Produced by: Various (recorded / engineered by); Owen Gardner (mixed by)

Culled from concerts across 2018 – 2023 and tracks from albums dating back by about ten years, if e’er there was a doubt that Horse Lords diamond cut precision math rock could be pulled off live… well: here. And though I don’t know if I had such doubt, as the group has a pretty roll-the-tape presentation style, it’s no less amazing how tight they keep things on stage, while allowing for the slight wiggle room – a pause to bring in the honrs; timing hinks with a long stretch of playing – that might just occur naturally, and maybe sounds like it goes against my statement that this stuff is played to a T, but it’s more that that ‘wiggle’ is, indeed, slight to the point where it gets immediately subsumed by a group that just knows how to vibe with one another, and pick up a dropped note or beat immediately.

I suppose gathering different years’ material together unfortunately highlights the somewhat unchanging nature in HL’s style – play long stretches of Don Cab American Don-era clean tapped guitar, build up to some more propulsive moments, fade away and come back to it again – you can pick apart where an earlier track like Macaw stretches into the horizon, versus more recent material is boiled down to just the riffs it needs… maybe sometimes to the point of such songs not having much of a conclusion: as HL albums are structured to be albums, the picking and choosing (and editing out of a lot of crowd response) results in a mix-tape vibe where tracks don’t really flow from one to the next. Countering that: the material is just so damn good, and there’s definitely at least consideration of sequencing – with the interstitial Intervention II included, and some balancing of kraut-like workouts with rockers.

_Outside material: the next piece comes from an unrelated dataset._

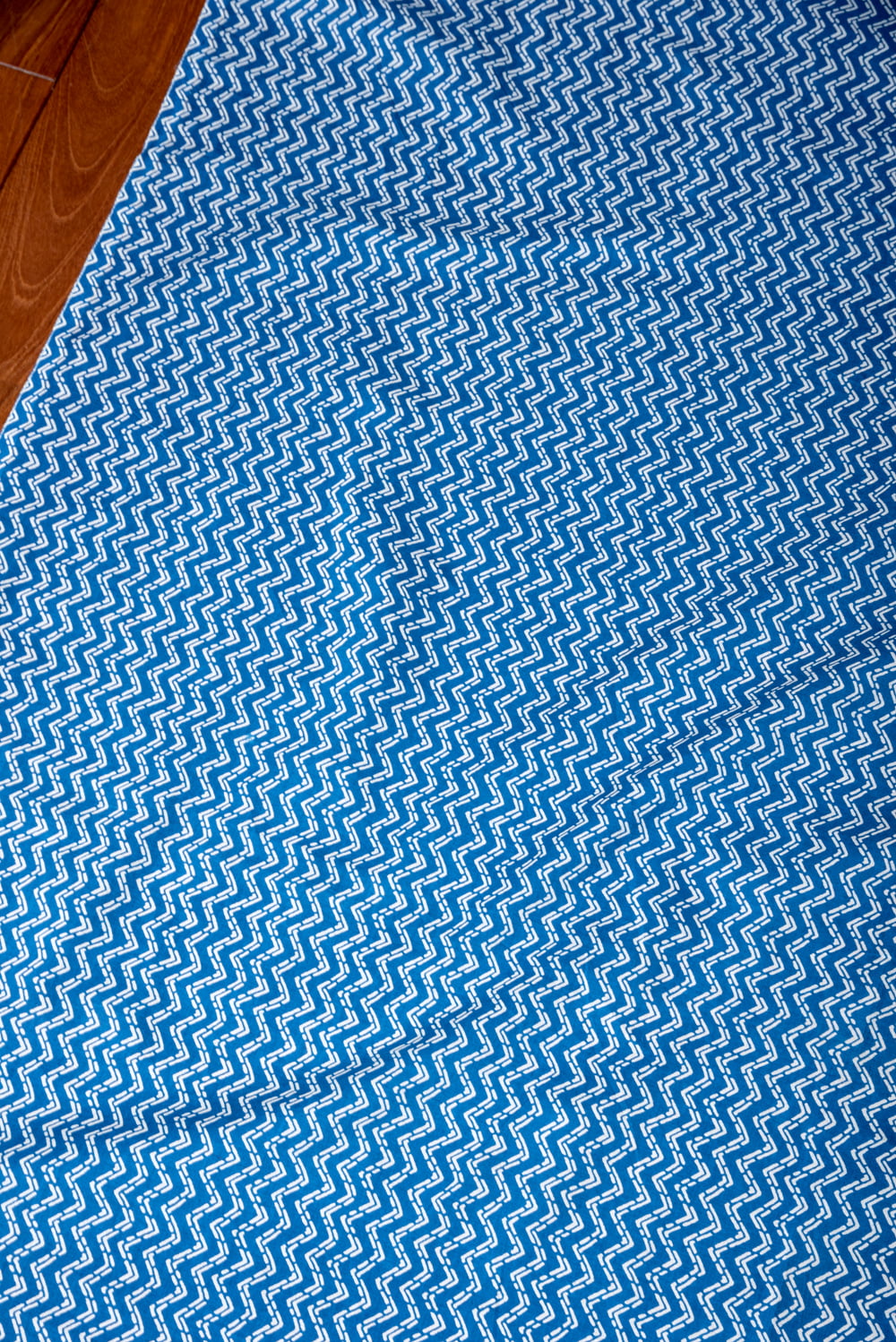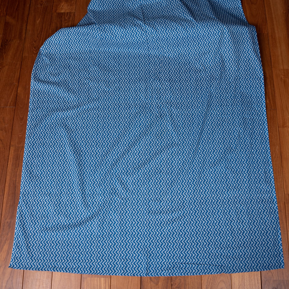 〔1m単位切り売り〕南インドのジグザグ模様 シェブロン・ストライプ布〔約106cm〕 - ブルー x 3個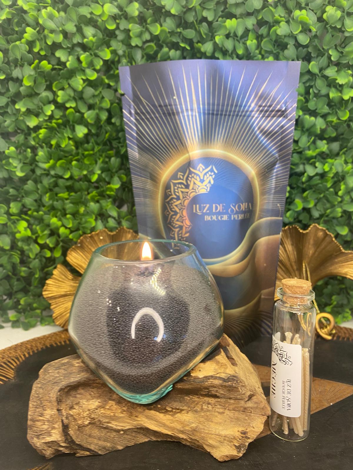 Libérez votre créativité avec le sachet bougie perlée 250g (Noir) ⚫️ + 10 mèches inclus LUZ DE SOLIA . Ce sachet contient des perles de cire naturelles et rechargeables, offrant jusqu'à 75 heures de combustion . Parfait pour tous types de récipients, il est également étanche et vous permet de changer de parfum à volonté. (Contenant non inclus !)

The mixing and mastering for this is fantastic: there are no artifacts of this being live (or from different sets!), and all the tracks could’ve been recorded in the same studio session. While I ultimately prefer experiencing the songs in context, this is still a worthwhile listen: first to just give the band a bit more of a human face for those of us who will likely never experience them live, but also functioning as a review – maybe not a best of, but a quality compilation – that proves Horse Lords have always been amazing, and can present a song from one of their oldest releases next to their newest, and rock out with them equally.